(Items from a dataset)
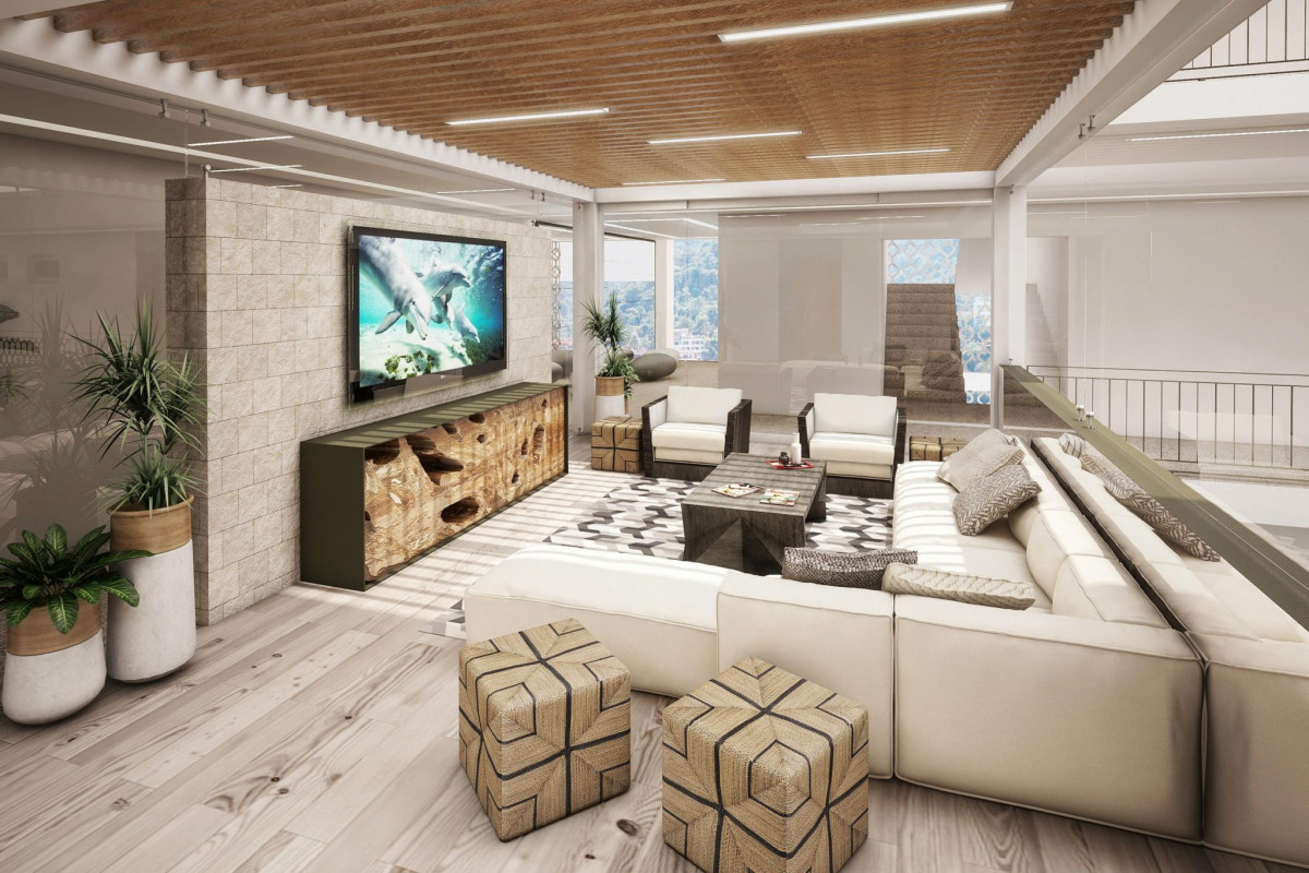 The loft is located on the Roof Garden level, the same floor as the pool—perfect for enjoying the best views and relaxing atmosphere 🌅. The living and dining area includes a TV 📺, and the fully equipped kitchen 🍳 has everything you need to prepare your favorite meals.
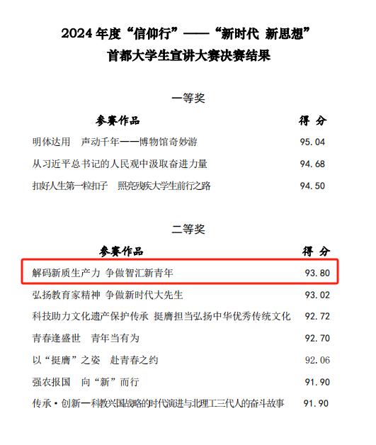 近日,北京市委宣传部、北京市委教工委、北京市社科院等单位联合举办“信仰行”——“新时代 新思想”首都大学生宣讲大赛决赛。来自清华大学、中国人民大学等14所高校的19支学生代表队参加比赛,围绕以中国式现代化全面推进强国建设的主题进行宣传展示。经过激烈角逐,我校代表队荣获二等奖。
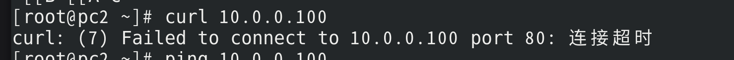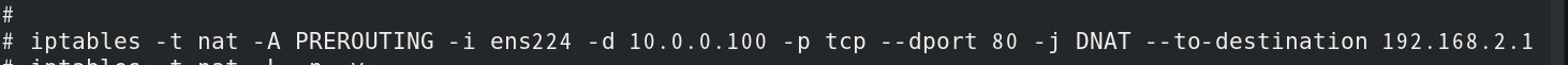 [root@localhost ~]# iptables -t nat -A PREROUTING -i ens33 -d 10.0.0.100 -p tcp --dport 80 -j DNAT --to-destination 192.168.1.2
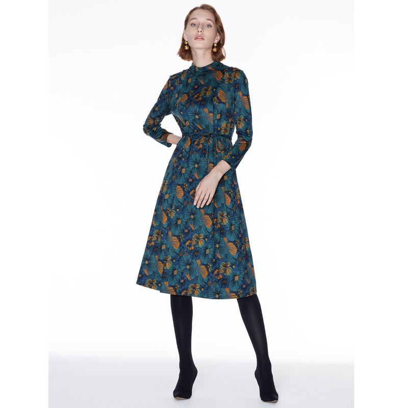 沐兰商场同款复古印花连衣裙2025年春季新款小立领腰A字裙中长款
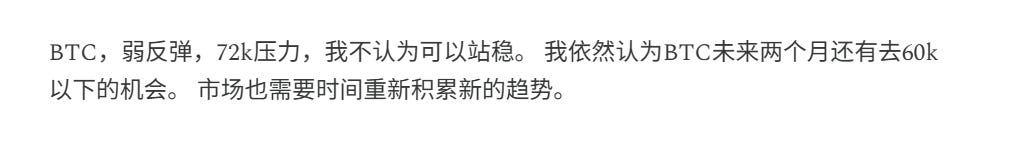 目前BTC的走势很类似去年年底的震荡走势,所以下周反弹到72K以上是降低仓位,加对冲的时机。
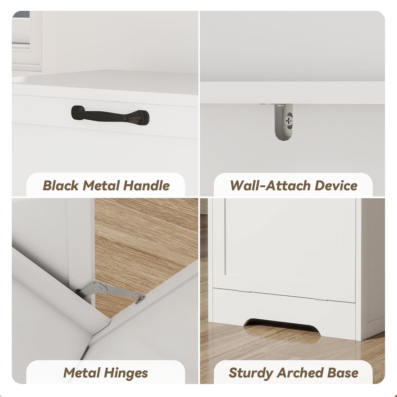 • Practical Garbage Bin: This laundry room cabinets a built-in bin, unlocking endless storage options—use regular trash bags, reusable containers, or even dividers to sort recyclables and cleaning supplies. Its flip-top door opens wide, making loading and unloading effortless. It adapts to evolving needs, an ideal choice for families, pet owners, or anyone seeking flexible storage.
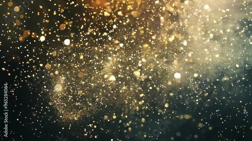 The watermark will not be included on Wall mural.: Abstract golden particles floating in dark space background
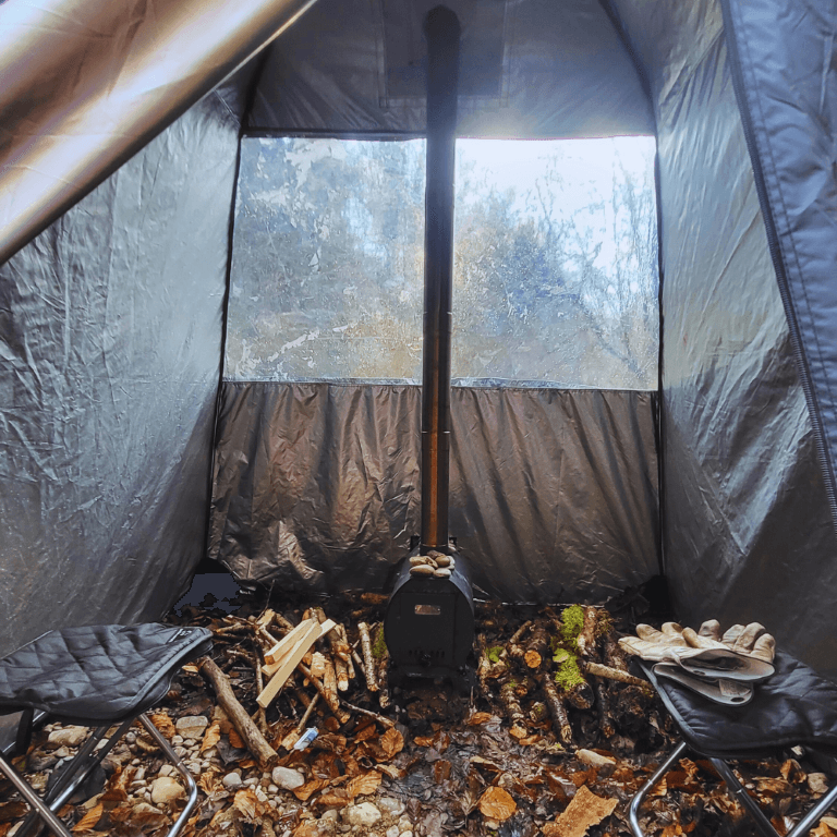 🏕️ Zweilagiges AlpineTex-Zelt – bestehend aus Innenzelt und Aussenzelt, wärmereflektierend, feuerfest & wasserdicht, getestet bei -10 °C.
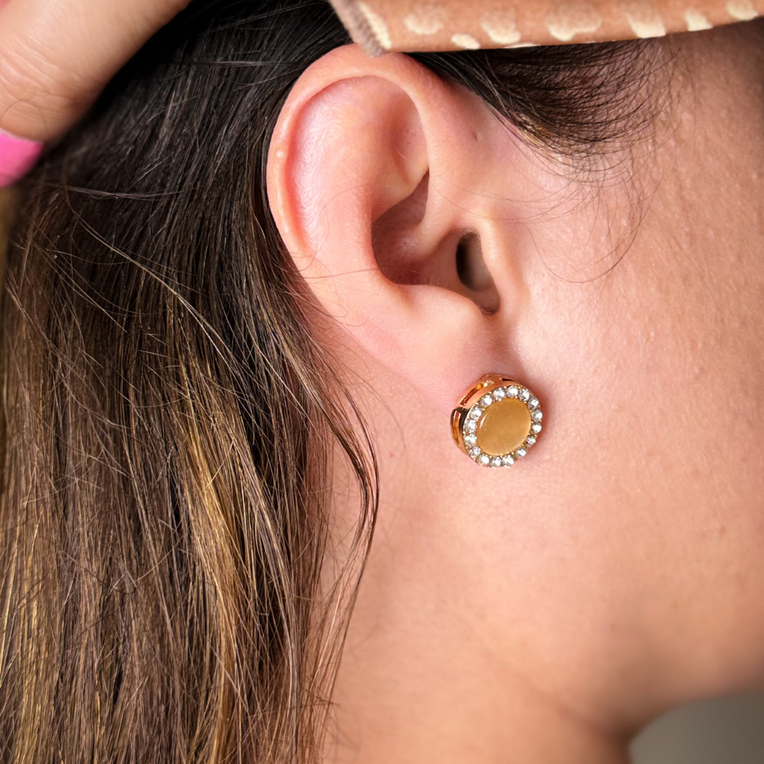 Kolczyki wykonane ze stali szlachetnej certyfikowanej, bez dodatku niklu, ołowiu czy chromu. Pozłacany 18-karatowym złotem. Z kamieniem różowy kwarc.
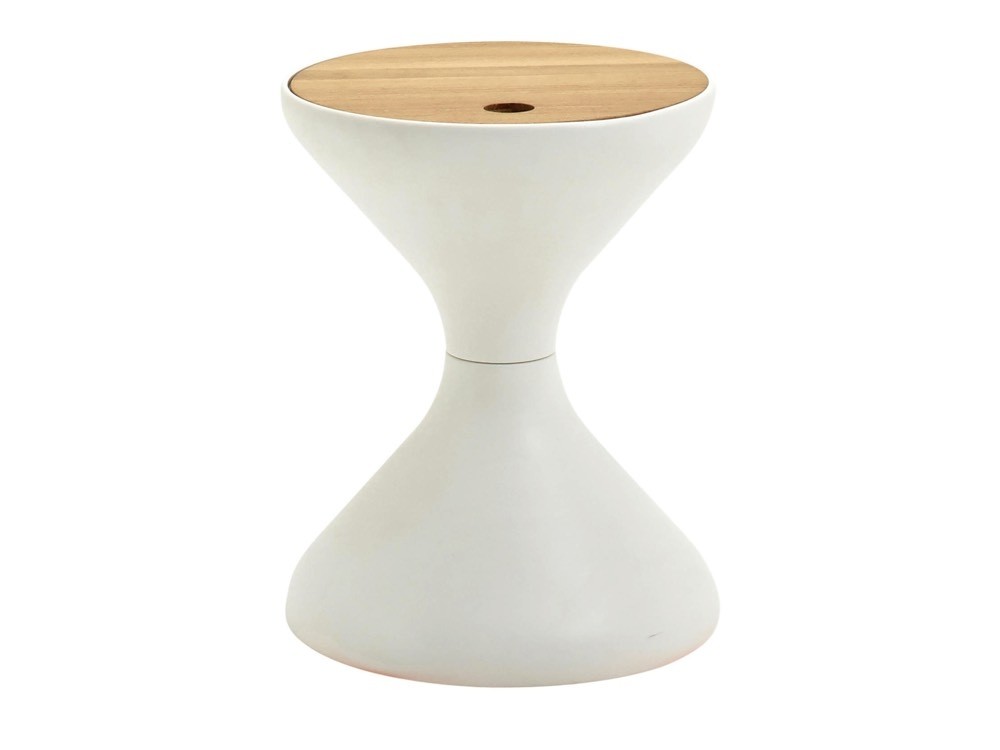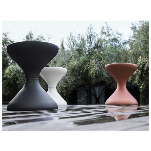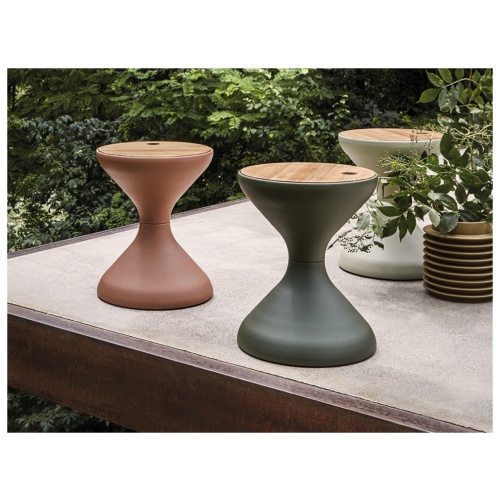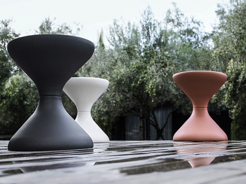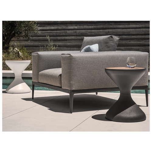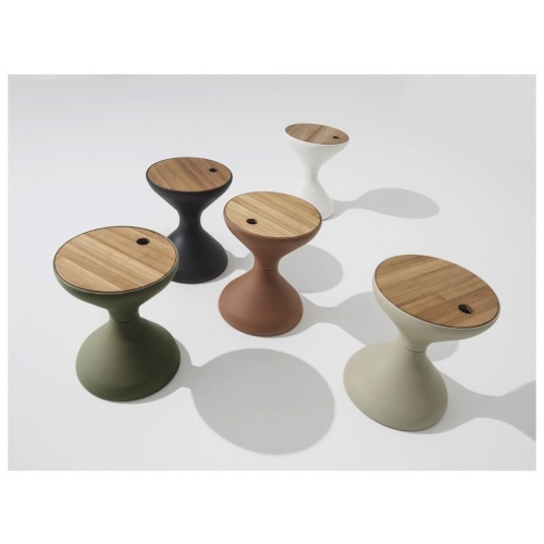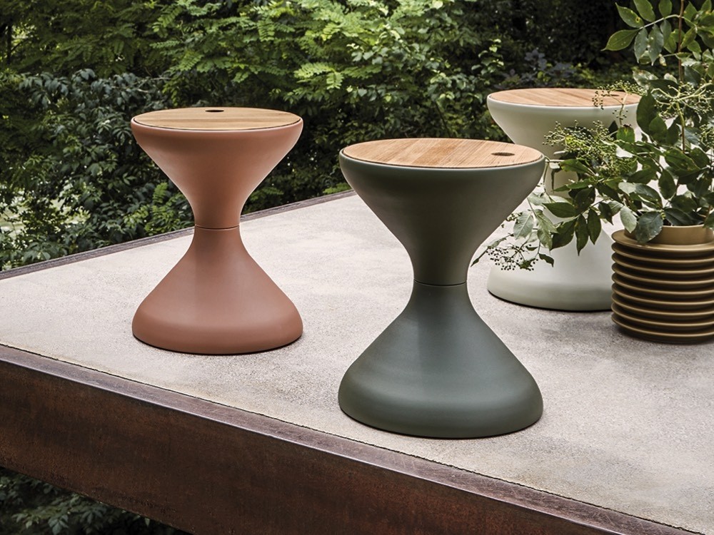 All sinuous lines and symmetrical forms, Bells plays homage to its namesake in typical Gloster style with a beautiful teak top and an industrial-looking frame. Available in a wide range of hues and models, it can customised with a removable top and ice-bucket insert for effortless alfresco dining.
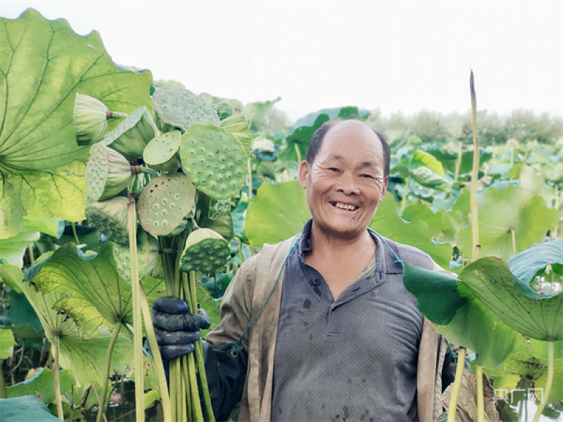 莲蓬大丰收,莲农笑开颜(央广网发 时君洋 摄)
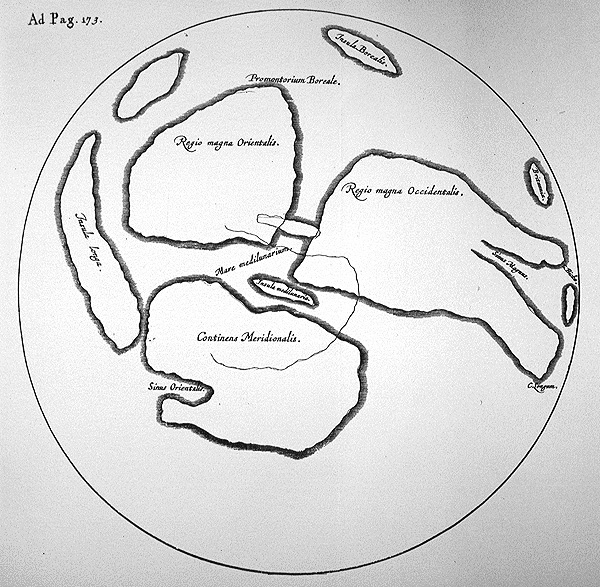 What distinguishes Gilbert’s map is that it seeks to locate and name the features of the Moon. Gilbert believed the shadows of the Moon were landforms, and labeled them accordingly with names like “Regio Magna Orientalis” and “Continens Meriodinalis.” He perceived the light areas as bodies of water, with names like “Mare Medilunaraum” and “Sinus Orientalis.” The map, which originally appeared in a manuscript copy of Gilbert’s De Mundo Nostro Sublunari Philosophia Nova (circa 1600), was not engraved and published until 1651. It is recognized as a milestone today, but because of its initial obscurity and primitive nature, its depiction of the Moon did not influence subsequent lunar cartography.
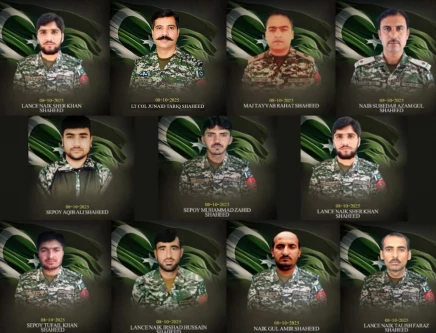 The fallen soldiers include Naib Subedar Azam Gul (38, Khyber), Naik Adil Hussain (35, Kurram), Naik Gul Ameer (34, Tank), Lance Naik Sher Khan (31, Mardan), Lance Naik Talish Faraz (32, Manshera), Lance Naik Irshad Hussain (32, Kurram), Sepoy Tufail Khan (28, Malakand), Sepoy Aqib Ali (23, Swabi), and Sepoy Muhammad Zahid (24, Tank).
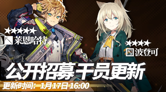 《明日方舟》将于01月17日10:00 ~16:00的更新维护中对游戏内【公开招募】进行新增干员。具体新增干员及标签强制刷新注意事项如下:
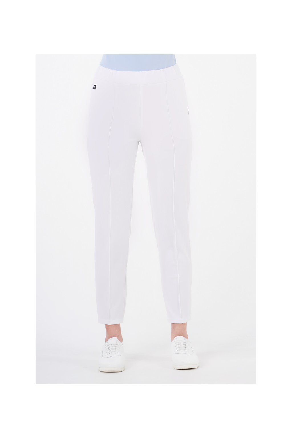 Elegatní dámské zdravotnické kalhoty na puky v 7/8 délce. Zkrácený střih nohavic končí nad kotníky. Střih kalhot je navržen tak, aby odhalil kotníky, působil elegantně, opticky zestříhloval a prodlužoval postavu. Je ideální v kombinaci s výraznou obuví, jako jsou v naší nabídce obuvi sneakersy DUNA. Kalhoty mají praktické 2 boční a 1 zadní kapsu.
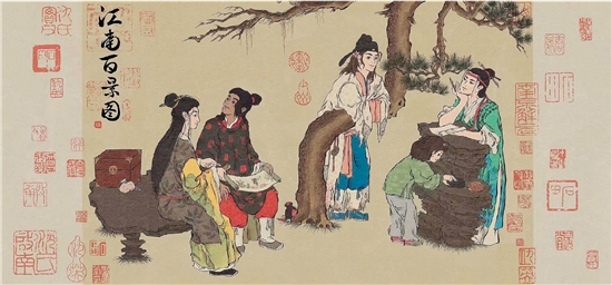 《吴门画苑图》描绘了在“江南百景图”的游戏世界中,文徵明、仇英、唐伯虎、沈周四位画家齐聚树下,构思创作的场景。
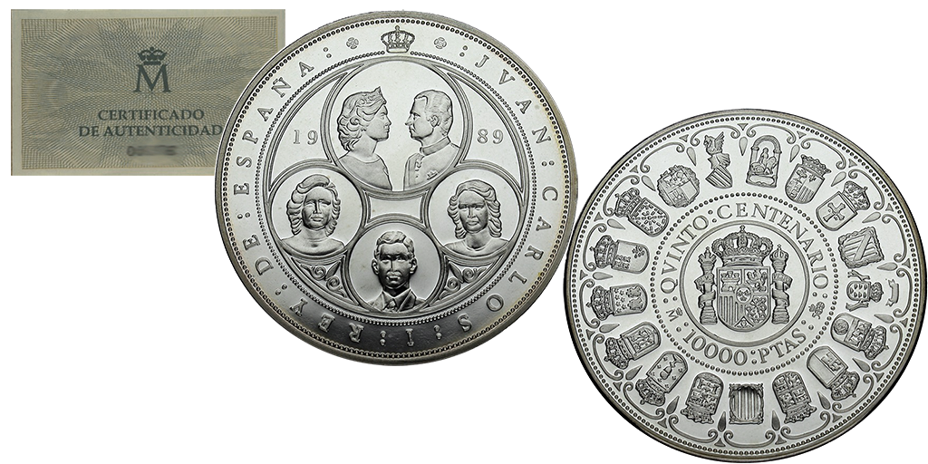 JUAN CARLOS I. 10.000 Pesetas. Ag. 168,76 gr. 1989. I serie V Cent. Con certificado. FDC.
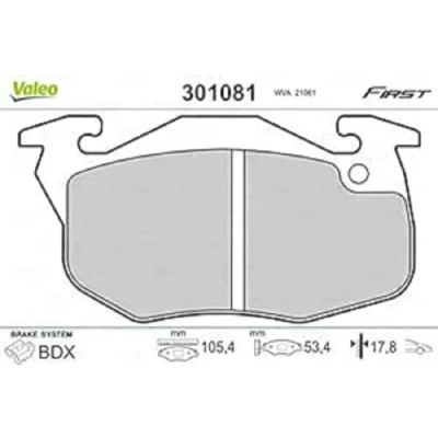 SPECIFICATIONS: Fitting Position: Front axle, Brake system: BENDIX, WVA number: 21061; DIMENSIONS (in mm): Width: 105, Height: 53,4, Thickness: 18 PREMIUM QUALITY: Our brake pads have the same quality standards as the original parts in order to ensure durability and performance THE SAFETY CHOICE: The perfect balance between efficiency, durability and price to offer optimal braking experience even in difficult conditions HEALTH AND SAFETY: Our brake pads are asbestos- and copper-free; they are also certified ECE-R90 in order to comply with European regulations VALEO QUALITY: Since 1923, Valeo accumulated a long experience as a Braking specialist to offer you confort, safety and sustainability

● Task to carry out
Repeat only the lines between the start of the data and the line with "沐兰商场同款复古印花连衣裙2025年春季新款小立领腰A字裙中长款", including those two lines, and skip the pictures.

● Output of the task
 The loft is located on the Roof Garden level, the same floor as the pool—perfect for enjoying the best views and relaxing atmosphere 🌅. The living and dining area includes a TV 📺, and the fully equipped kitchen 🍳 has everything you need to prepare your favorite meals.
 近日,北京市委宣传部、北京市委教工委、北京市社科院等单位联合举办“信仰行”——“新时代 新思想”首都大学生宣讲大赛决赛。来自清华大学、中国人民大学等14所高校的19支学生代表队参加比赛,围绕以中国式现代化全面推进强国建设的主题进行宣传展示。经过激烈角逐,我校代表队荣获二等奖。
 [root@localhost ~]# iptables -t nat -A PREROUTING -i ens33 -d 10.0.0.100 -p tcp --dport 80 -j DNAT --to-destination 192.168.1.2
 沐兰商场同款复古印花连衣裙2025年春季新款小立领腰A字裙中长款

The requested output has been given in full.